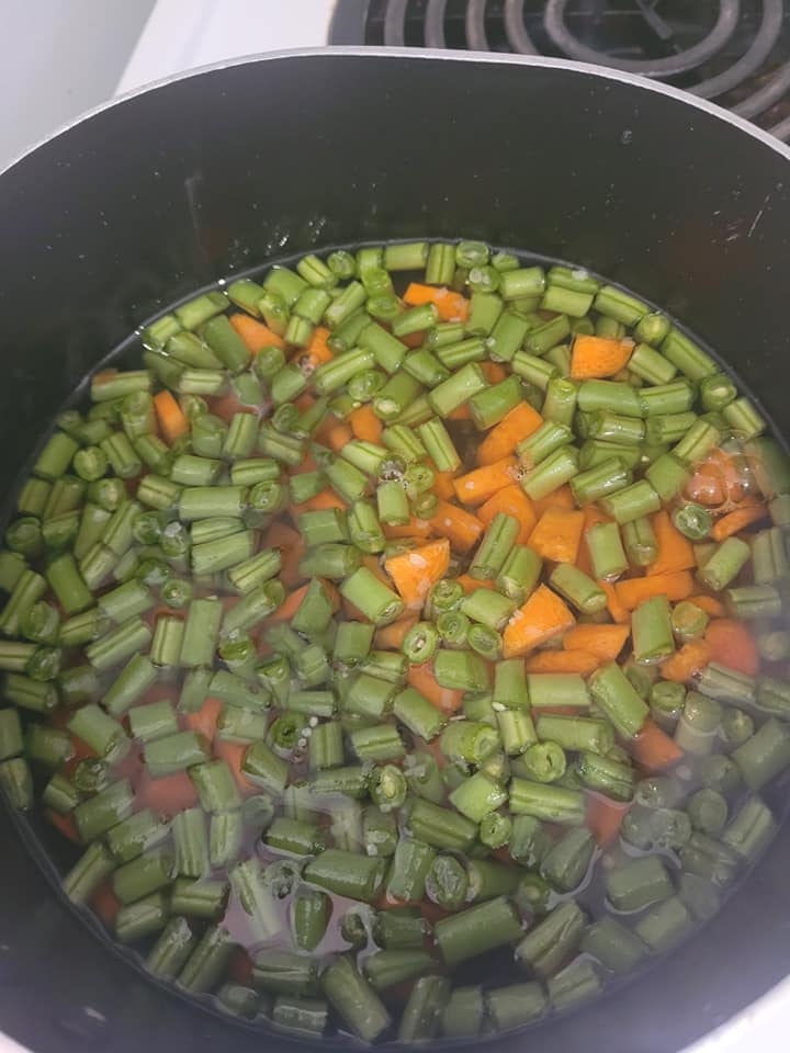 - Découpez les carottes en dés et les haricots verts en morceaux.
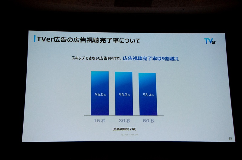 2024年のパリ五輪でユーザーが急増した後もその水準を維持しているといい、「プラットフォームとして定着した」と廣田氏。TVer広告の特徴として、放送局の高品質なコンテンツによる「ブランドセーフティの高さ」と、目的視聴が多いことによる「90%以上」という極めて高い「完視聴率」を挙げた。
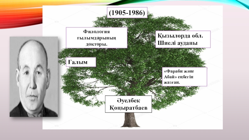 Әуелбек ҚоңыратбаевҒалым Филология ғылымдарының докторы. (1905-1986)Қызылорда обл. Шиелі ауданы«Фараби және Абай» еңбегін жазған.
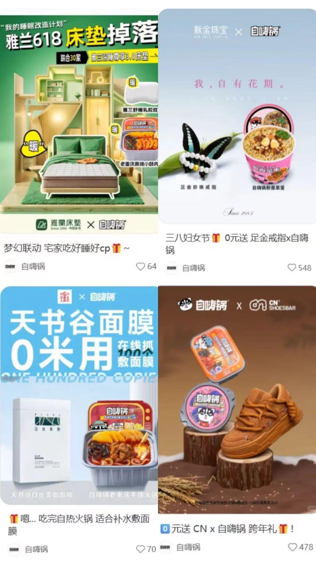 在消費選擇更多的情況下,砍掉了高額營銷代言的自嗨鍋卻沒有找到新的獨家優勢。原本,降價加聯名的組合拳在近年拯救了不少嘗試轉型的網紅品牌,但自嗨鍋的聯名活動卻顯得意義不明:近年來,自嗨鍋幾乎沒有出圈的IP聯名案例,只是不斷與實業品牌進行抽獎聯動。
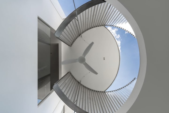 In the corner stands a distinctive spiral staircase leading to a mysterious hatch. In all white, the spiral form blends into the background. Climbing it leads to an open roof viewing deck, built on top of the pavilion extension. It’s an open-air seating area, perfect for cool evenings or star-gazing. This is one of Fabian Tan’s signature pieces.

###

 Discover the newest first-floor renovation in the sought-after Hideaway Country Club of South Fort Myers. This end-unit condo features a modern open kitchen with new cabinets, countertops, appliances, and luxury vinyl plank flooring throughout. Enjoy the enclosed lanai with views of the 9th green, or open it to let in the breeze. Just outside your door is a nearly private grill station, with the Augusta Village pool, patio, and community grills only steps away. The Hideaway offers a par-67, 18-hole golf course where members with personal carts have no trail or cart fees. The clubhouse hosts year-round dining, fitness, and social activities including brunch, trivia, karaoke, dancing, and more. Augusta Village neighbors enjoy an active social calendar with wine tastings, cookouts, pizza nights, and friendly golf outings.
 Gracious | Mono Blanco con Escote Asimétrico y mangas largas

###

What you need to do:
The copy should hold only the lines from the one with "- Découpez les" through the one with "2024年のパリ五輪でユーザ", exactly as they stand above. Leave out the pictures.

Written reply:
 - Découpez les carottes en dés et les haricots verts en morceaux.
 2024年のパリ五輪でユーザーが急増した後もその水準を維持しているといい、「プラットフォームとして定着した」と廣田氏。TVer広告の特徴として、放送局の高品質なコンテンツによる「ブランドセーフティの高さ」と、目的視聴が多いことによる「90%以上」という極めて高い「完視聴率」を挙げた。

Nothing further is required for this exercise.